Personal details
- Died: 1587
- Spouse: Bekki Shigetsura

Military service
- Allegiance: Ōtomo clan Bekki clan
- Unit: Shiga clan
- Battles/wars: Kyūshū Campaign

= Shigashi =

Japanese noble

Shigashi (志賀氏) (-d.1587) was a legendary Japanese noble lady and Japanese warrior from the Sengoku period. Shigashi means the lady from Shiga clan and her real name is unknown. She was the wife of Bekki Shigetsura (戸次鎮連) the retainer of Ōtomo clan, the nephew and the son-in-law of famed samurai Bekki Akitsura a.k.a. Tachibana Dōsetsu. She is best known for her role during conflicts between the Shimazu clan and the Ōtomo clan in Kyushu.

==Biography==
Shigashi is documented in Tsuruga-jo Senshi (鶴賀城戦史) by Satō Kuratarō(佐藤蔵太郎) in 1927 based on various documents and stories about Tsuruga Castle including Gunki monogatari. Satō selected episodes that he considered historically correct and described the list of documents he cited but did not provide detailed source of quotation of each part.
Shigashi was the daughter of the Ōtomo retainer Shiga Chikamori(志賀親守). Her husband, Shigetsura was the Bekki clan head after his father-in-low Bekki Akitsura once retired. Later, Akitsura inherited the headship of Tachibana clan as Tachibana Dōsetsu. Shigashi was the sister of Shiga Chikatsugu, a retainer of the Otomo clan.

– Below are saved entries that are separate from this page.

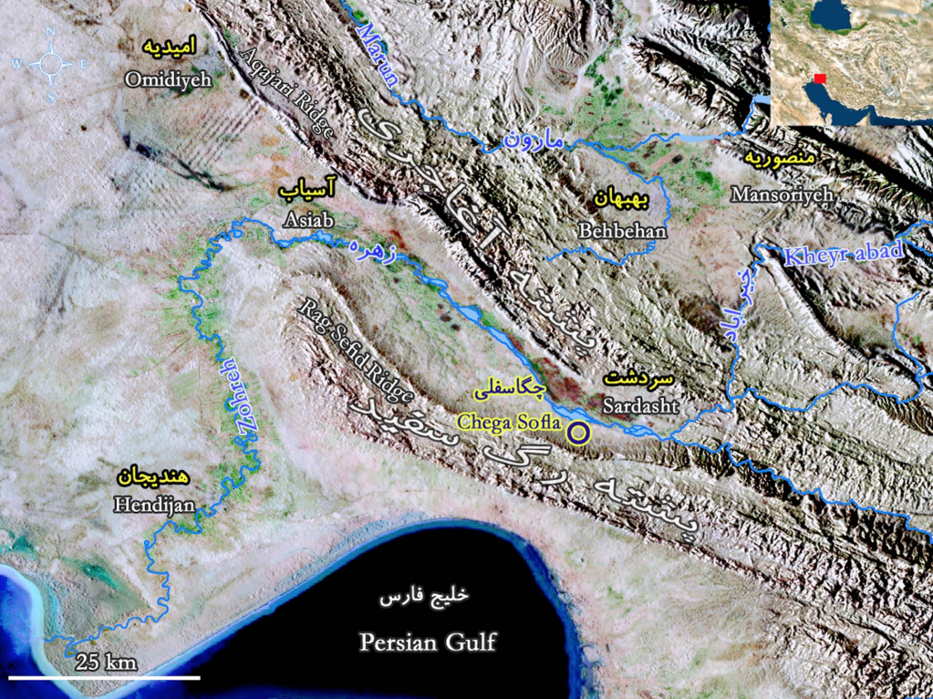 Tol-e Chega Sofla is located about 30 miles south of the town of Behbahan, on the eastern most fringes of Khuzestan province. This site was first discovered in 1970 by Hans Nissen and his colleagues from the Oriental Institute of the University of Chicago.
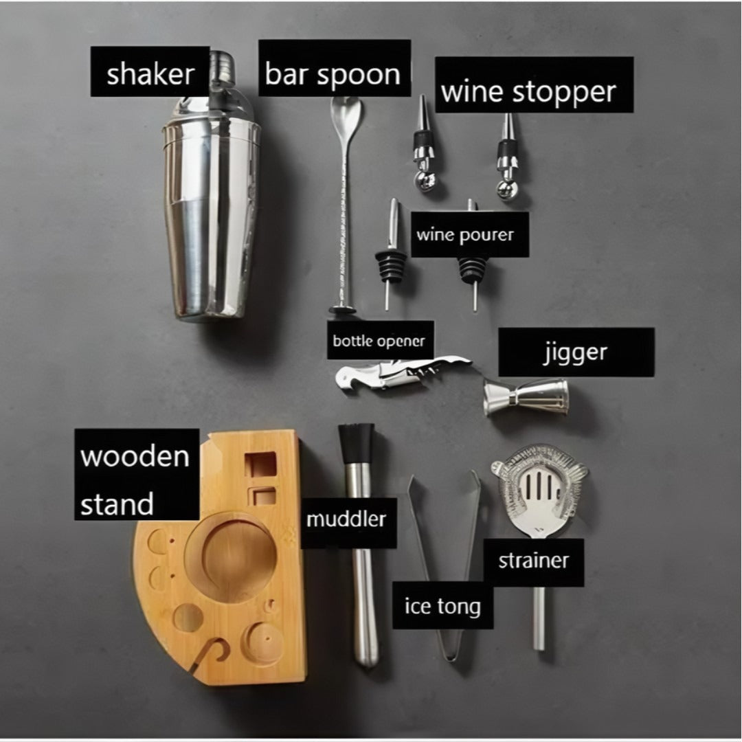 Set de Coctelería 12 Piezas Profesional con Base de Madera
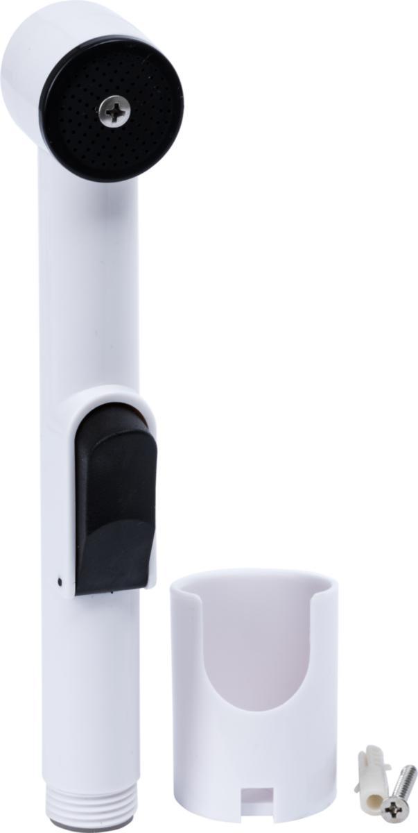 Bidéhandtag som passar som reservdel till bl a bidé- och tvättställsdusch samt kranar med bidéhandtag. Får ej utsättas för konstant tryck. Levereras med vägghållare, skruv och plugg. Dimension 1/2".

When the army of Shimazu clan approached Ōtomo land during the Kyushu campaign, Shigetsura and some retainers betrayed Ōtomo clan and draw the enemy into their castles. Ōtomo clan ran into difficulty because the enemy's base suddenly appeared in own land.

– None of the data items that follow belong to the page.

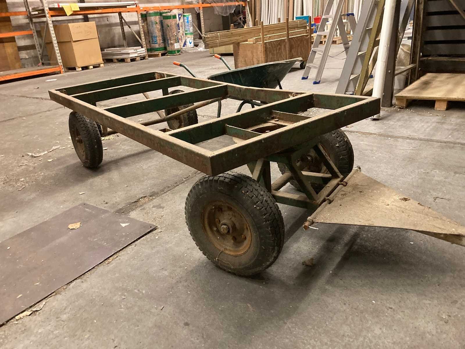 2 metalen aanhangwagens (240x130cm oppervlakte) en 1x kruiwagen Nee
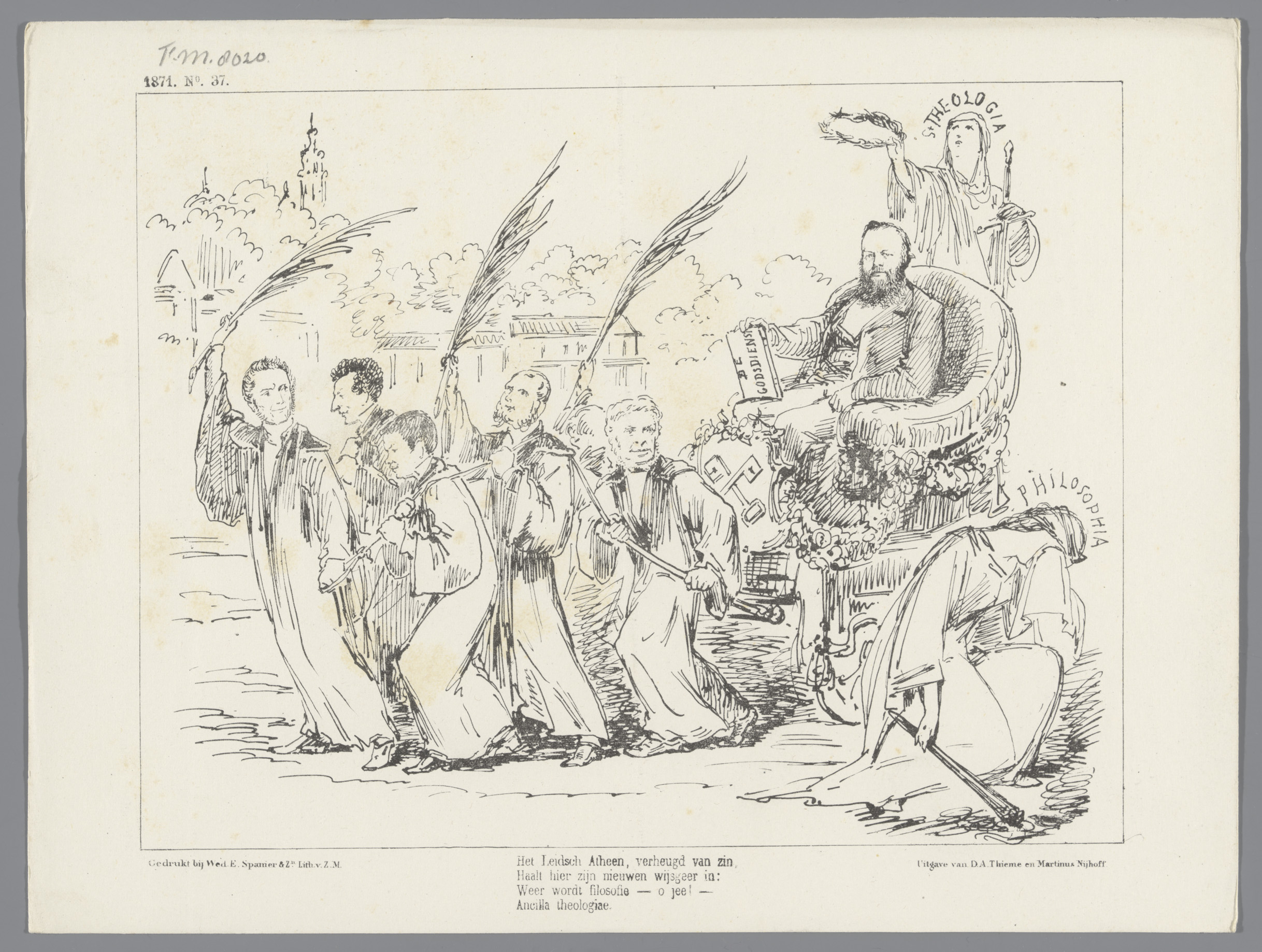Spotprent over Thorbecke en het lager onderwijs, 1871
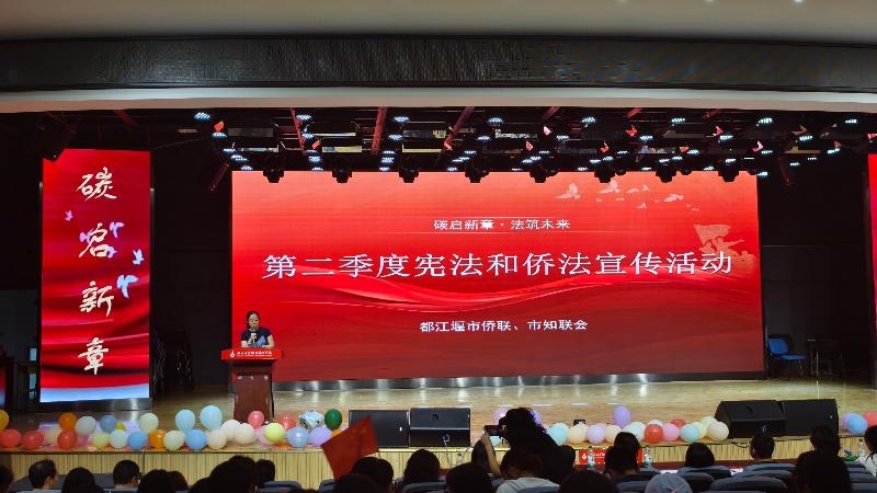 5月28日,都江堰市侨联、市知联会在四川工商职业技术学院联合开展了以“碳启新章·法筑未来”为主题的宪法、侨法宣传活动,让法治的种子在高校学生心中生根发芽。都江堰市委统战部、市侨联、市知联会相关人员及四川工商职业技术学院师生300余人参加本次活动。
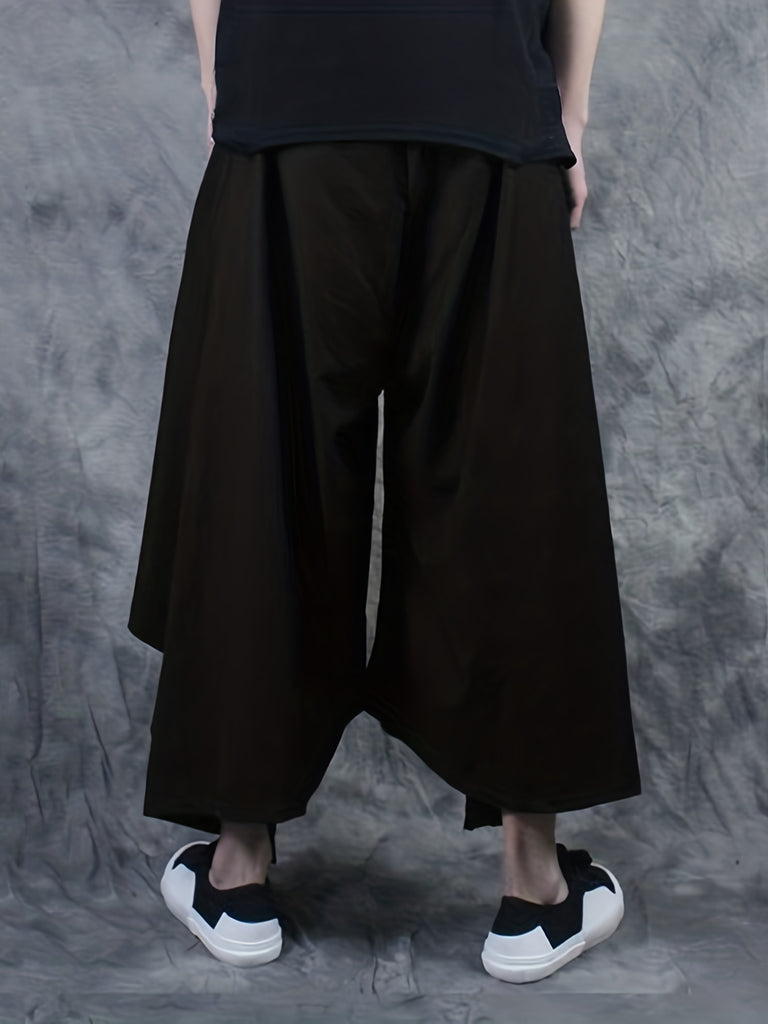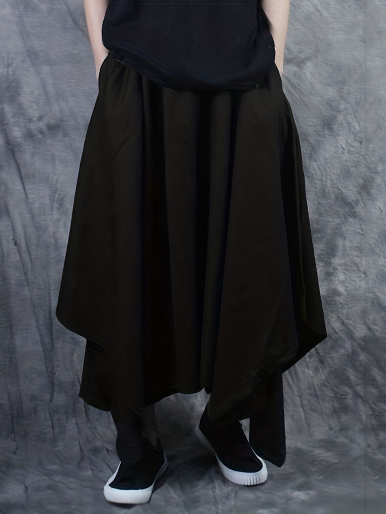 kkboxly Plus Size Mens Harem Pants, Elastic Waist Streetwear Loose Fashion Irregular Skirt Trousers Men Solid Joggers Casual Pants

Unlike her husband, Shigashi and her son, Bekki Munetsune(戸次統常) was still loyal to Ōtomo clan. Shigashi was said to be skilled military commander and dispatched troops to the betrayed retainer's castles and defeated them.
One night, she encouraged her son to clear Bekki's name with defeating Shimazu army. She has another two young siblings sleeping by the side of her. She stabbed them to death with her short katana, because she had a fear that Munetsune will worry about his family during the battle. Then she suddenly departed for the Shimazu base. After killing many soldiers, she fired the castle and committed suicide.

Touched by his mother's bravely, Munetsune fought valiantly and killed by Shimazu defending Tsuruga Castle (鶴賀城) during the Battle of Hetsugigawa at the age 22.

== See also ==

- Myorin
- Oni Gozen

== Sources ==
- 鶴谷 佐藤蔵太郎 (1927). "鶴賀城戦史"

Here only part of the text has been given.